Neil Trennan has failed to return to prison in Boston, Lincolnshire, more than 20 years after brutally assaulting a lecturer with a brick in a college toilet while on day release
A manhunt is underway for a “dangerous” rapist who poses a “real danger” to the public after he failed to return to prison – more than two decades after beating a lecturer while on day release.
Neil Trennan, 60, is said to “pose a real danger to members of the public” after he was released for the day from North Sea Camp in Boston, Lincolnshire, on temporary licence, but did not return to his meeting point on Thursday. The prison is a Cat D open establishment. Now the Mirror can reveal he was handed a life sentence in 1991 for raping a woman in Sheffield having first knocked her unconscious using a weight lifting dumbbell.
And in 2002 he slipped away from a prison escort and attacked Sally Rust-Andrews in a toilet at Norwich City College in 2002. Trennan, who was serving a life sentence and on a sex offender treatment programme at Wayland Prison for rape, had fled from his guard after he turned his back momentarily to use a cashpoint. It was only the second day release he had been granted in 12 years in jail.
Trennan, who was 38 at the time, went to city college and waited in the ladies’ toilets where he attacked Ms Rust-Andrews with half a brick. Her screams raised the alarm and Trennan was arrested as he fled. The lecturer had eight stitches in her head and suffered PTSD.
Today Lincolnshire Police says it believes Trennan caught a Nottingham-bound train from Boston Train Station at about 10.49am. Det Insp Dave Penney said: “Trennan is a dangerous individual; we need to find him as soon as possible. He is a convicted rapist and may pose a real danger to members of the public.”
There were a number of stops or directions Trennan could have taken having boarded the train, the police said. The force added that he was wearing a black t-shirt and grey bottoms but it is unknown if he would have changed his clothing.
Det Insp Penney said: “Our investigations have been ongoing, they are not contained just to Lincolnshire and we are doing everything we can to locate him.” Police have asked anyone with information to contact them and not to approach him.
In 2011 it emerged Ms Rust-Andrews put in a claim to the Criminal Injuries Compensation Authority, but was at first offered just £1,500 for her relatively minor physical injuries in 2004. As she launched a civil claim for compensation, barrister David Sanderson said the authority took 17 months to agree the payout and, when Ms Rust-Andrews asked for a review in the light of medical evidence of her mental suffering, more than three years passed before her award was upped to £8,650 in December 2007.

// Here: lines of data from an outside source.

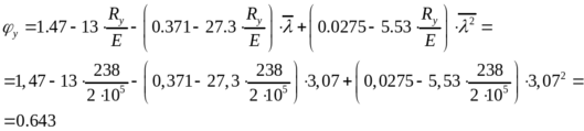 3) Расчет на устойчивость внецентренно-сжатых элементов постоянного сечения из плоскости действия момента при изгибе их в плоскости наибольшей жесткости совпадающей с плоскостью симметрии, следует выполнять по формуле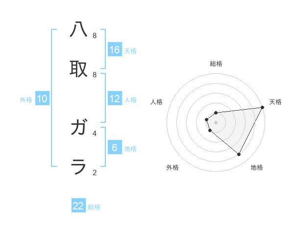 八取 ガラさんの総格は22画の1点!
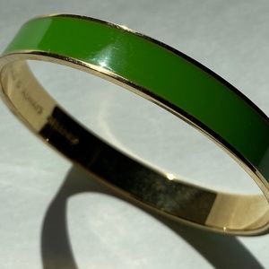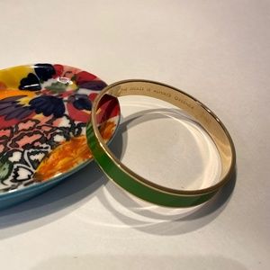 From Kate Spade, 12K Gold Plate bangle bracelet with Green Enamel, The Grass Is Always Greener and Logo engraved inside.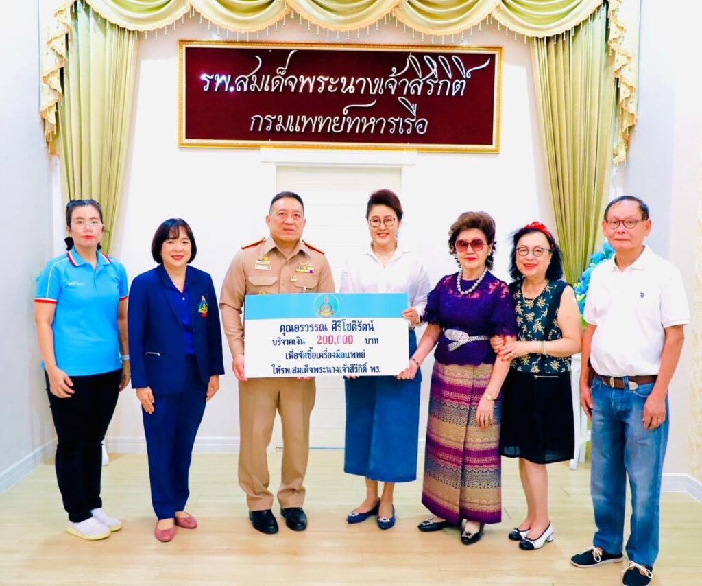 เมื่อ ๑๒ ม.ค.๖๗ คุณอรวรรณ ศิริโชติรัตน์ บริจาคเงินจำนวน ๒๐๐,๐๐๐ บาท เพื่อจัดซื้อเครื่องมือแพทย์ให้ รพ.สมเด็จพระนางเจ้าสิริกิติ์ พร. โดยมี พล.ร.ต.ดนัย ปานแดง ผอ.รพ.สมเด็จพระนางเจ้าสิริกิติ์ พร. เป็นผู้รับมอบ ณ ห้อง ๑๙ ปี อาคารอำนวยการ ชั้น ๒ รพ.สมเด็จพระนางเจ้าสิริกิติ์ พร.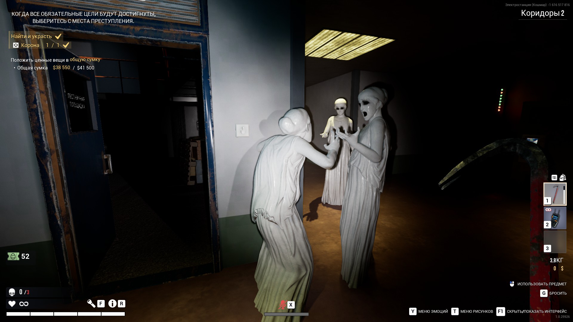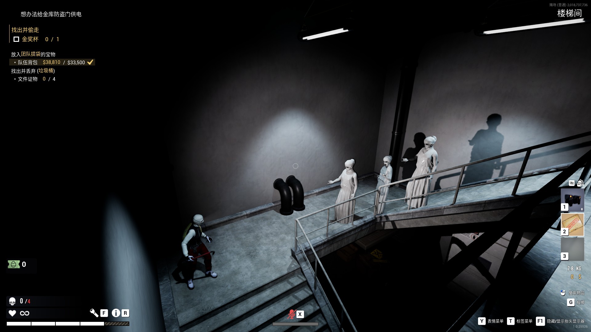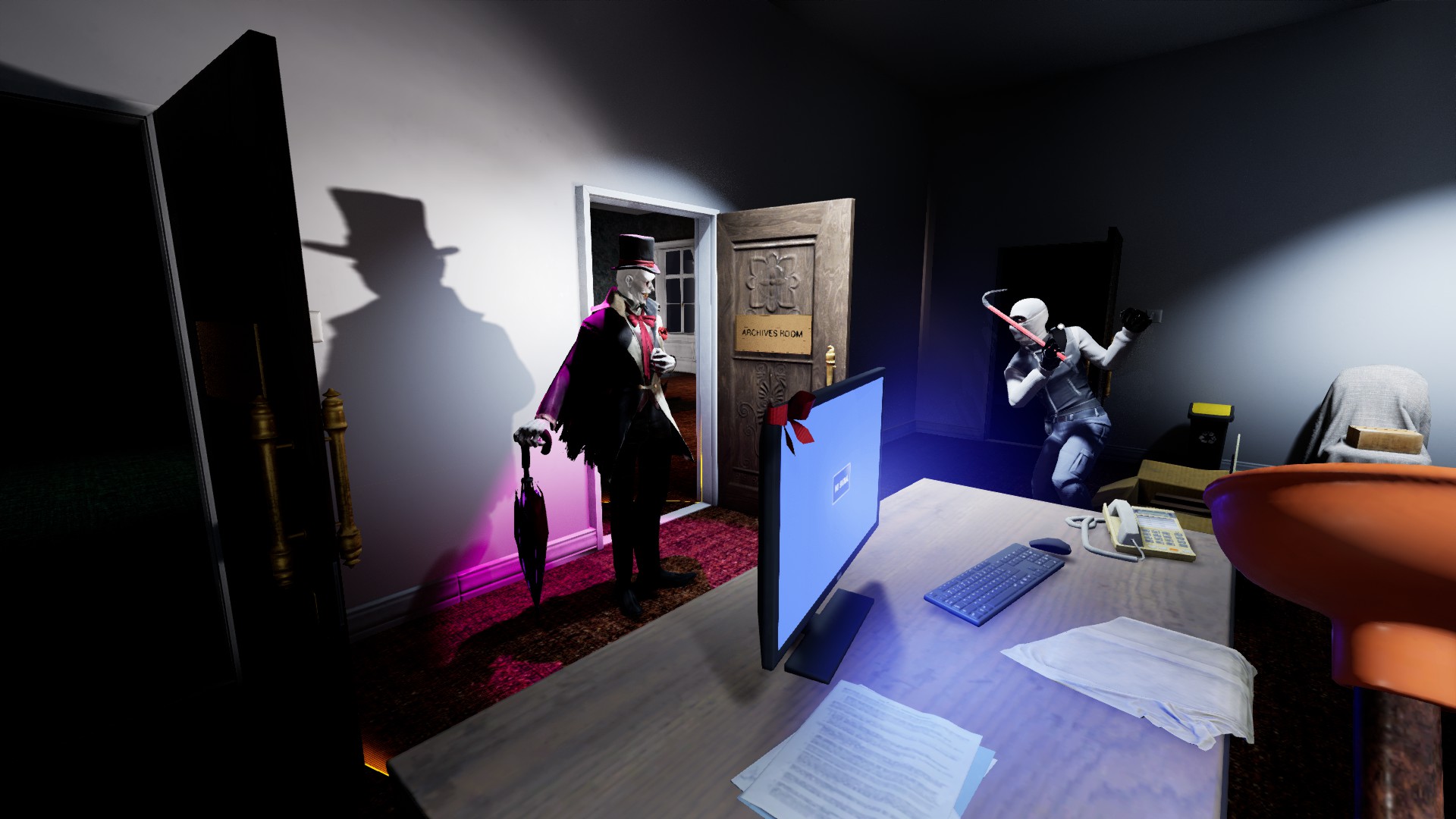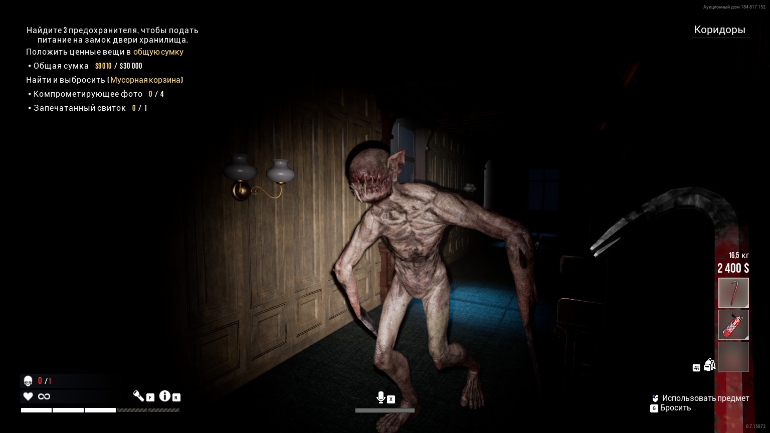Dark Hours is a co-op survival horror game for 1-4 players. Your heist has been disrupted by a supernatural event, and your team of robbers is now trapped with an evil entity. Forget your plan, your mission is to survive. Explore and cooperate to find a way out.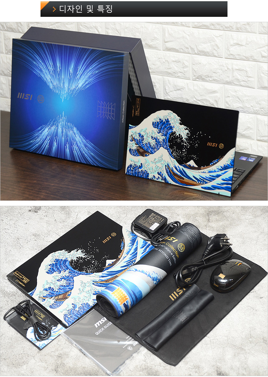 이번에 리뷰를 진행 할 MSI 프레스티지 13 AI+ 우키요에 에디션 A2VMG-U9 2.8K OLED WIN11 은 단순한 노트북이 아닌 예술품 같은 존재로 제품을 만드는 아티잔 컬렉션의 첫 모델로 넋을 잃고 한참을 바라봤을 만큼 아름다운 외관과 높은 마감 완성도가 매력적인 노트북이다. 상판에는 일본 에도시대 거장 가쓰시카 후쿠사이의 대표작 가나가와 해변의 높은 파도가 정교하게 새겨져 전통과 현대 기술이 교차하는 특별한 상징성을 전달하며 우키요에 감각을 현대적으로 재해석한 패턴이 바디 전반에 적용되어, 시각적 완성도를 한층 끌어올렸다.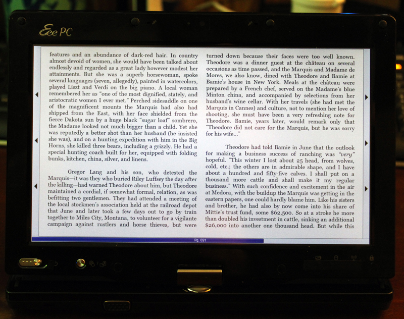 For my tastes, the eReader interface is much more intuitive and easier to use, and it takes up more of the screen in Fullscreen mode than does the B&N Reader. It also seems a bit faster than the B&N Reader. However, eReader only displays .pdb and .prc eBook formats while the B&N Reader displays .pdb and .prc and ePub formats. I would definately choose FBReader over the B&N Reader for ePub though. Note: The screenshots are rendered poorly by the forum software. In reality they are both clear and crisp with the text. The screen resolution on the Asus T91MT is 1024 x 600. [EDIT] I found this section in the Barnes & Noble Desktop eReader User Guide: RETIRED FEATURES As part of 2.0, we retired some features. These may resurface in the future or we may have new features – stay tuned!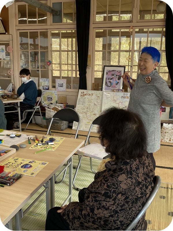 鮮やかな青い髪の美枝センセイが登場すると、「もう帰るからね」と言っていた参加者の方も思わず座り直し、会場の視線が集まります。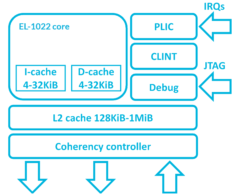 - Platform Level Interrupt Controller (PLIC): 127 interrupts with 8 priority levels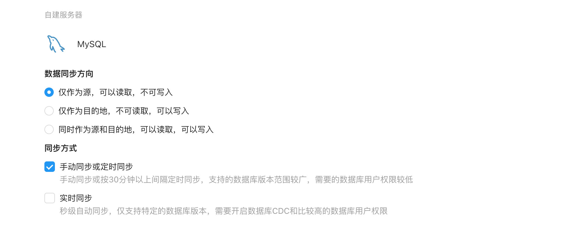 | 作为 | 显示该数据源是作为「源」还是「目的地」或两者兼有 |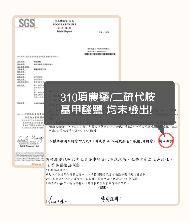 零塑化劑、零農藥無殘留-2015通過SGS合格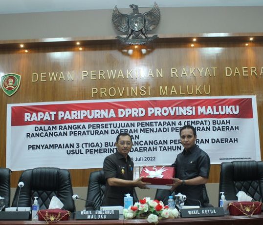 Masarikuonline.com, Rapat Paripurna DPRD Provinsi Maluku, 08 Juli 2022, dalam Rangka Persetujuan Penetapan 4 (empat) buah Ranperda Hasil Fasilitasi Kementrian Dalam Negeri menjadi Peraturan Daerah dan Paripurna Penyampaian 3 (tiga) buah Ranperda usul Pemerintah Daerah Tahun 2022 Yaitu :

In February 2008 that was increased further to a total of around £35,000 by a tribunal. But at the appeal court her legal team argued that was still not enough and she should have been awarded up to £100,000 for her loss of future earnings alone.
However, three judges rejected Ms Rust-Andrews appeal, saying the tribunal was entitled to rule that she was entitled to lost earnings compensation up until June 2010 but not after.
Lord Justice Carnwath, sitting with Lord Justice Stanley Burnton and Sir Robin Jacob, upheld the tribunal’s view that, had Ms Rust-Andrews undergone cognitive behavioural therapy, the chance of her ‘disabling mental illness’ being permanent would be reduced to below 50 per cent.
Mr Sanderson had earlier argued that Ms Rust-Andrews’ horrific experience interfered with her working life so badly that the tribunal was wrong to conclude that cognitive behavioural therapy would probably restore her full capacity to earn a living by June 2010.